Another thing I’m thinking about is if we have folks who come through the program that may be from a socio-economically challenged neighborhood, then the school could produce some of the products and then open up satellite businesses on the South Side and the West Side and bringing these good quality meats and skills into these neighborhoods.
Q: I see you have another workshop for women coming up in the North Carolina.
A: Yes, the Women in Meat Business. That’s a perfect model. The state of North Carolina wants to keep agriculture within the state. Animal production, processing, abattoirs/slaughter in the state. What they recognized is they didn’t have the skills available. They hired someone like myself and a couple of industry experts to come in and train and build this up…

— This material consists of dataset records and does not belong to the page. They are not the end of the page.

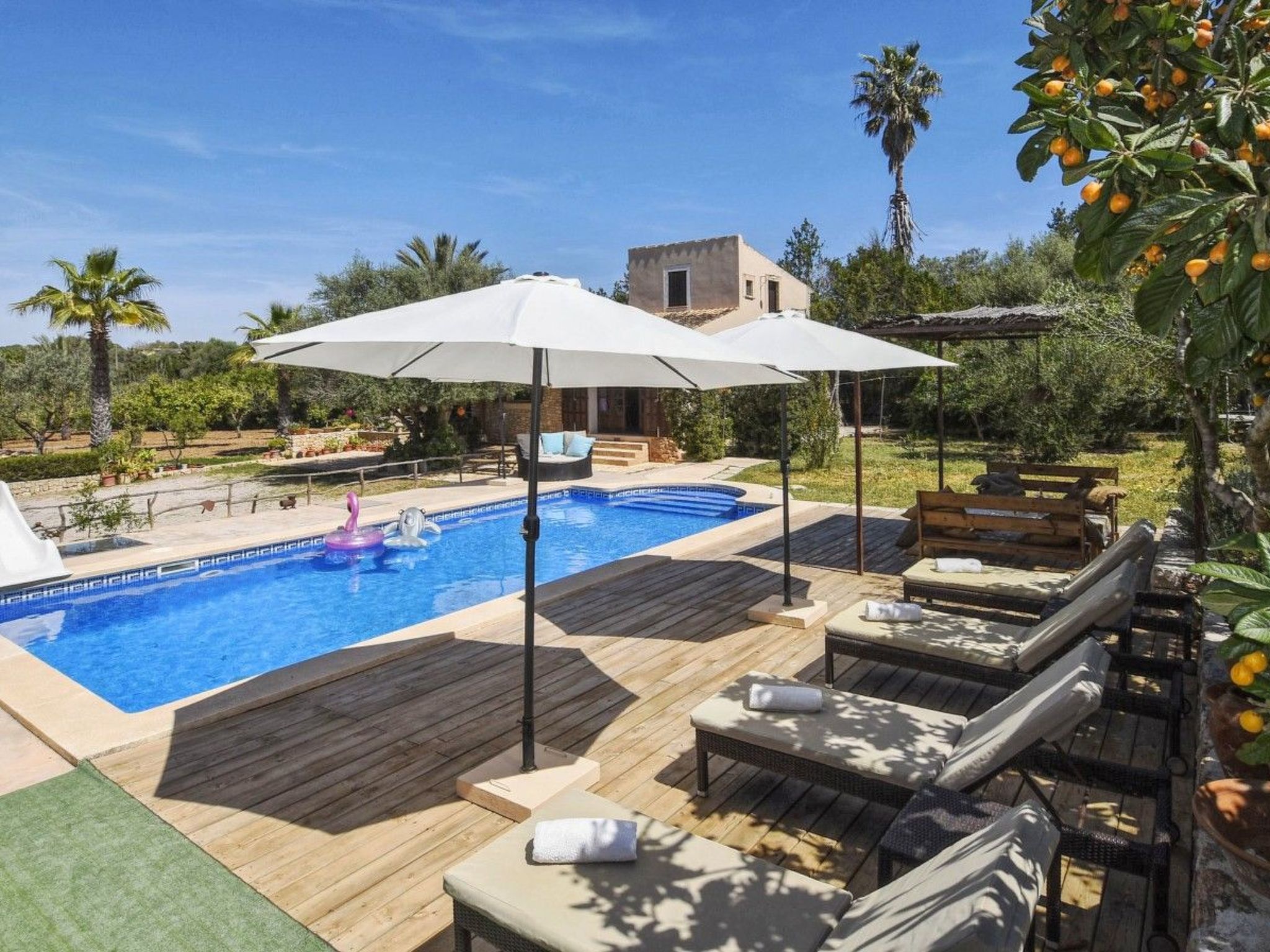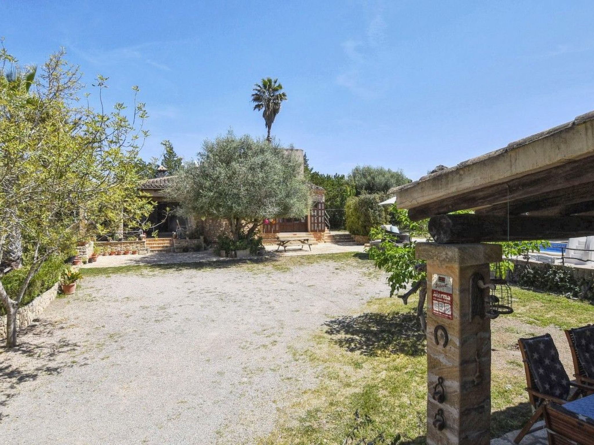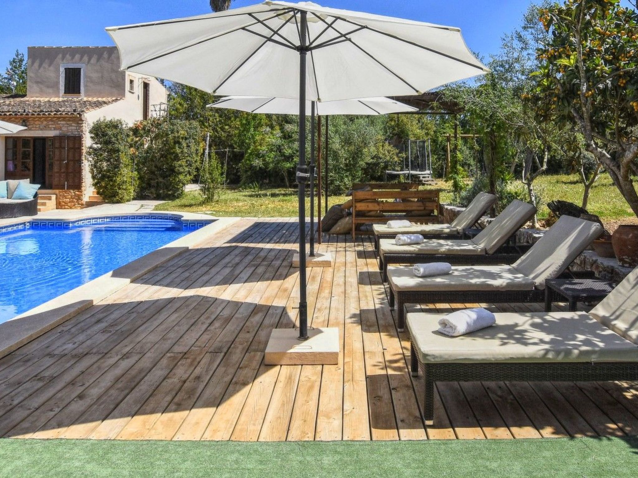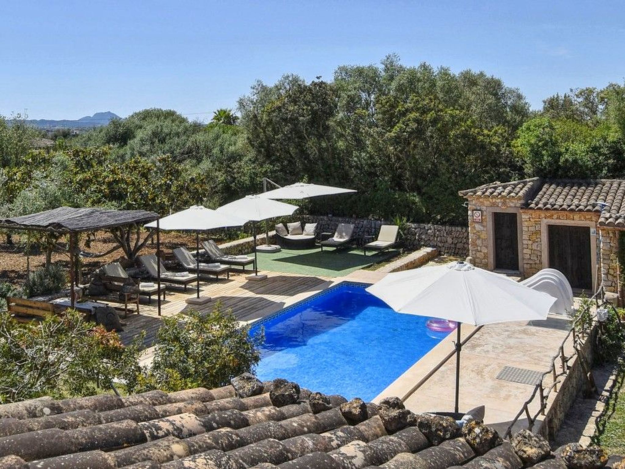 This pretty country estate is located in a wonderfully quiet location close to the town of Manacor, Mallorca's second largest city on the east coast. With a living area of ​​around 115 m², the house offers in total three air-conditioned double bedrooms (1 double bed, 2 single beds each) and two bathrooms with shower, so there is enough space for up to 6 people. The living room is equipped with WiFi Internet, satellite TV, an adjacent dining table and the open-plan kitchen is equipped with a ceramic hob, oven, refrigerator, microwave, coffee maker and dishwasher. Two of the bedrooms and a bathroom are located on the ground floor. The third bedroom is accessed via an external staircase to the upper floor, which has its own bathroom with shower. From the entrance of the property there are four steps that go down to the beautiful garden with a covered barbecue and dining table. From here you reach the highlight of the Finca, the adjacent terrace with a covered seating area made of wooden benches, many parasols, corner sofas and of course sun loungers. The private 9m x 4.5m pool (depth 0.90m x 1.90m) invites you to cool off and, behind the pool terrace, there is a hammock between the trees to relax in the shade. Next to the terrace there is also a guest toilet with sink and two outdoor showers. The surroundings of the estate offer plenty of peace and tranquility to relax and in and around the nearest town of Manacor there is a large sn of very good restaurants, golf courses, various shops and supermarkets. The nearest beaches are Mallorca's popular coves in and around Porto Cristo, and Sa Coma and Cala Millor are also just a 10-15 minute drive away. Simply a great and beautiful property for a perfect vacation
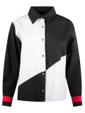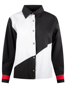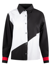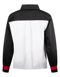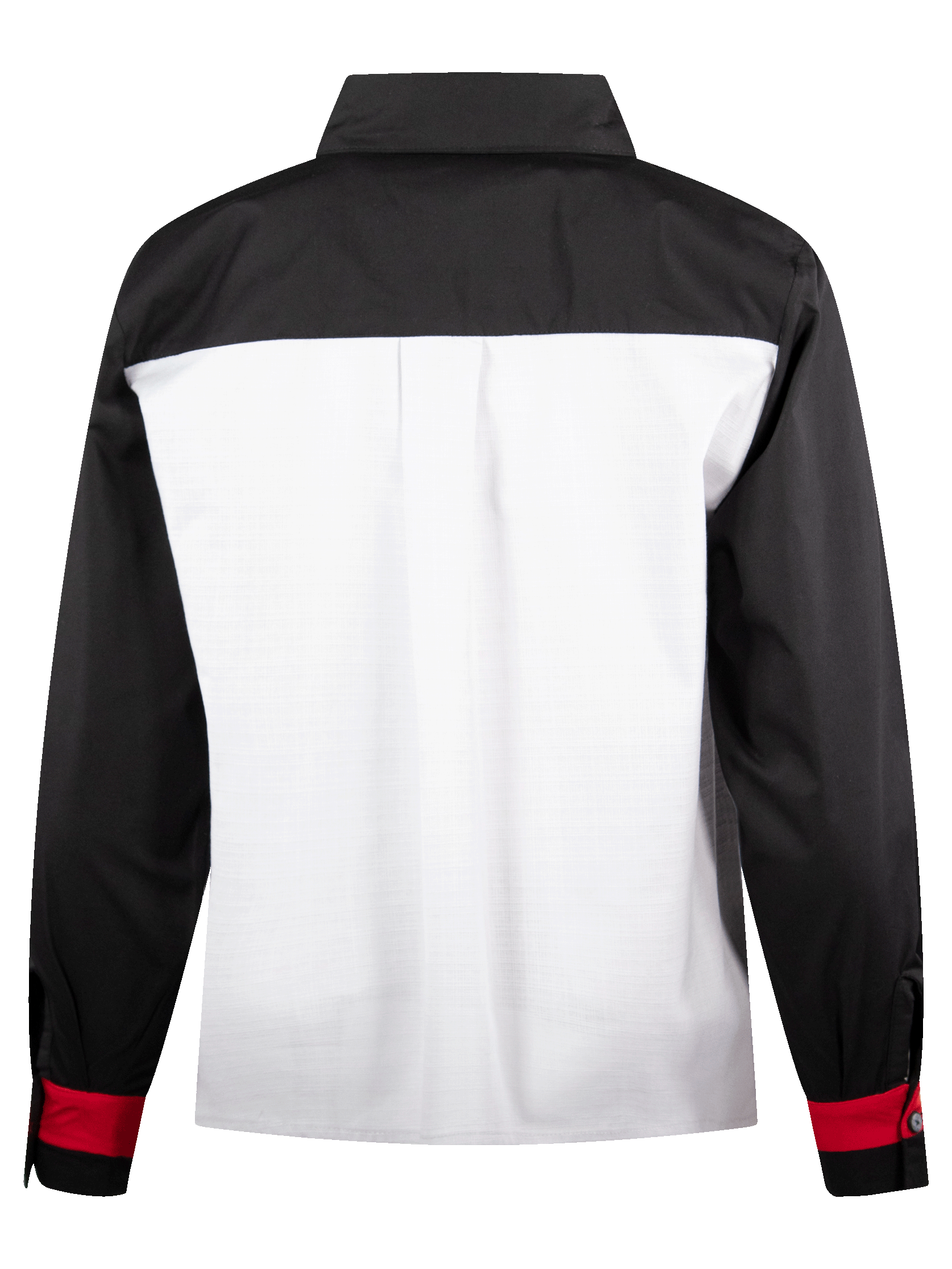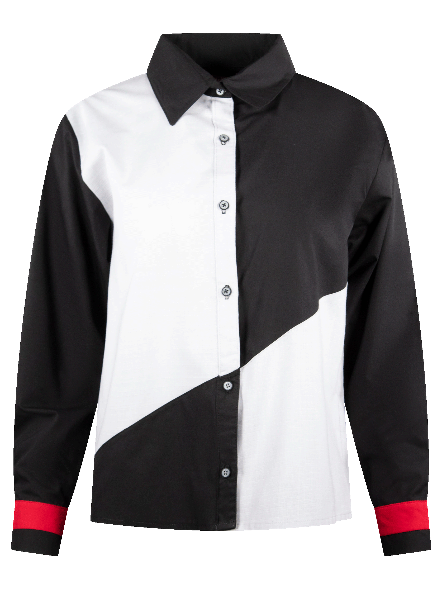 Camisa de manga larga, con bloques de tela negra y gris, detalles de color rojo en puños. Prenda confeccionada con recuperación de telas rescatadas de maquiladoras de ropa.
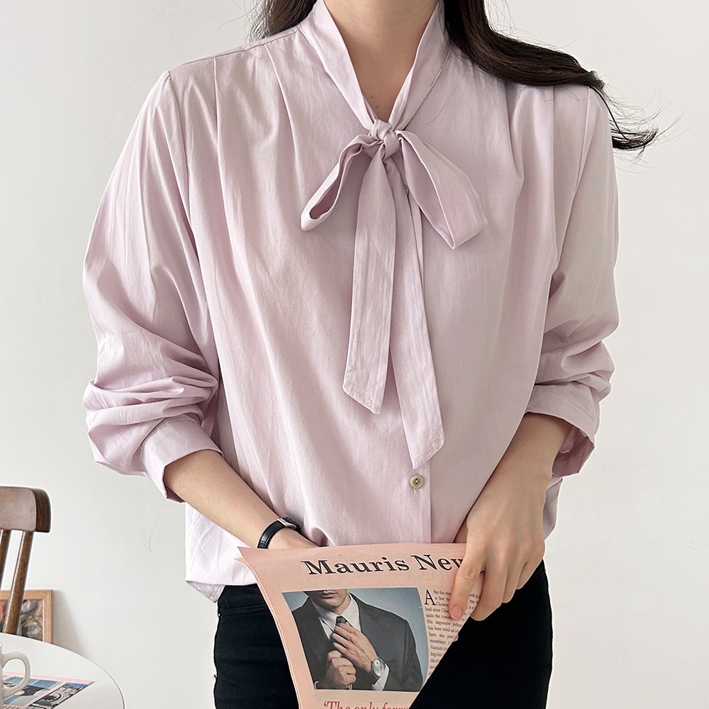 [샵앤] 여성 리본타이 어깨핀턱 베이직 정장 블라우스 21DS-WBL-4148-소라
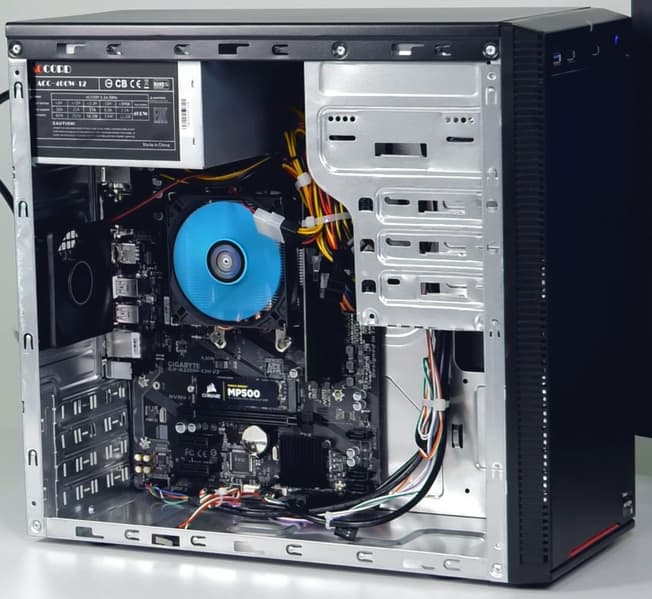 iRU предлагает несколько модификаций компьютера Home 225, у которых могут различаться объем оперативной памяти, SSD или HDD, а также предустановленная операционная система. Есть и несколько вариантов с иным процессором AMD и установленной дискретной видеокартой Nvidia начального уровня, но абсолютное большинство моделей использует именно процессор AMD Ryzen 5 2400G и его интегрированную графику. В зависимости от модификации Home 225 может быть собран в разных корпусах, в нашем случае использовался простенький довольно компактный microATX-корпус. Даже у такого небольшого компьютера внутри очень просторно, потому что в нем не установлены ни видеокарта, ни винчестер, ни оптический привод. По сути, кроме материнской платы с небольшим кулером на процессоре и одного вентилятора сзади (80 мм) здесь есть только провода — и, конечно, блок питания, в данном случае это бюджетная модель Accord ACC-400W-12 на 400 Вт (252 Вт по линии 12 В). При желании в корпус можно установить одно устройство формата 5,25″ с внешним доступом, три устройства формата 3,5″ (два с внешним доступом и одно без) и одно устройство формата 2,5″. Также можно установить на переднюю стенку большой вентилятор (до 140 мм), который, правда, не будет напрямую обдувать накопители, и смонтировать один вентилятор (80 мм) на съемной левой боковой стенке. Размеры корпуса (Ш×Г×В): 16,5×38×35,5 см.

All of these workshops are slammed. All these women, and they’re finding their voice is a very male-dominated industry.
Q: In all my years, the association of the word ‘butcher’ was ‘man.’ When you were breaking into this, of course, you had a family, so you had bloodlines. But did you face sexism, harassment?
A: Oh, yeah. You name it, yes. From just being ignored. You walk in the room and you’re just ignored. That’s hard to work with somebody for 40 hours a week and they just ignore you. I’ve had men drop trou in the cooler… I was encouraged to go work in the deli, a very female type job, and I said no.
Q: Is it just part of the general trend, where women are finding activities in fields that were foreclosed to them?
I don’t think younger women see man and woman as much as maybe my generation do. I didn’t really think about it when I was going through it, but I definitely knew I was challenged by it. The perceived stereotype is a little less for them. I know five butcher shops that have been recently opened and they’ve all been opened by women.